▶ **INFORMATION SHOWN**
━━━━━━━━━━━━━━━━━━━━━━━━━━━━━━

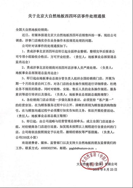 在该致歉信中,大自然地板严惩涉事门店,并下令对其进行严肃的整顿,整顿措施如下:
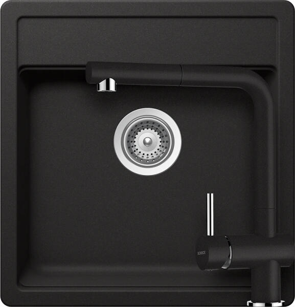 Schock Nemo N-100S konyhai mosogatótálca Cristalite Nero 490 x 510 mm, gránit, hagyományos beépítés, fekete munkalapba beépíthető, egymedencés, csepegtető nélküli, ideálisan illeszkedik a minimum 50 cm-es alsószekrényhez. A csaptelep helye előre elkészített, könnyedén áttörhető. A csomagban találja a használati útmutatót, amely részletes leírást ad a csaptelep hely
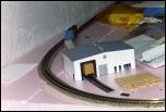 A loop of track on an infinite plain of pink. A building has gone up at this point, and the train can run around on it.
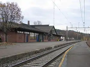 Moelv Station (Norwegian: Moelv stasjon) is a railway station located in Moelv in Ringsaker, Norway on the Dovre Line. The station was opened in 1894 with the construction of the railway between Hamar and Tretten. A station building was first constructed in 1981. Moelv is only served by regional trains by Vy and night trains by SJ Norge.

━━━━━━━━━━━━━━━━━━━━━━━━━━━━━━

▶ **BRIEF**
Skip the pictures, then return the rest of the data exactly.

▶ **REPLY**
 在该致歉信中,大自然地板严惩涉事门店,并下令对其进行严肃的整顿,整顿措施如下:
 Schock Nemo N-100S konyhai mosogatótálca Cristalite Nero 490 x 510 mm, gránit, hagyományos beépítés, fekete munkalapba beépíthető, egymedencés, csepegtető nélküli, ideálisan illeszkedik a minimum 50 cm-es alsószekrényhez. A csaptelep helye előre elkészített, könnyedén áttörhető. A csomagban találja a használati útmutatót, amely részletes leírást ad a csaptelep hely
 A loop of track on an infinite plain of pink. A building has gone up at this point, and the train can run around on it.
 Moelv Station (Norwegian: Moelv stasjon) is a railway station located in Moelv in Ringsaker, Norway on the Dovre Line. The station was opened in 1894 with the construction of the railway between Hamar and Tretten. A station building was first constructed in 1981. Moelv is only served by regional trains by Vy and night trains by SJ Norge.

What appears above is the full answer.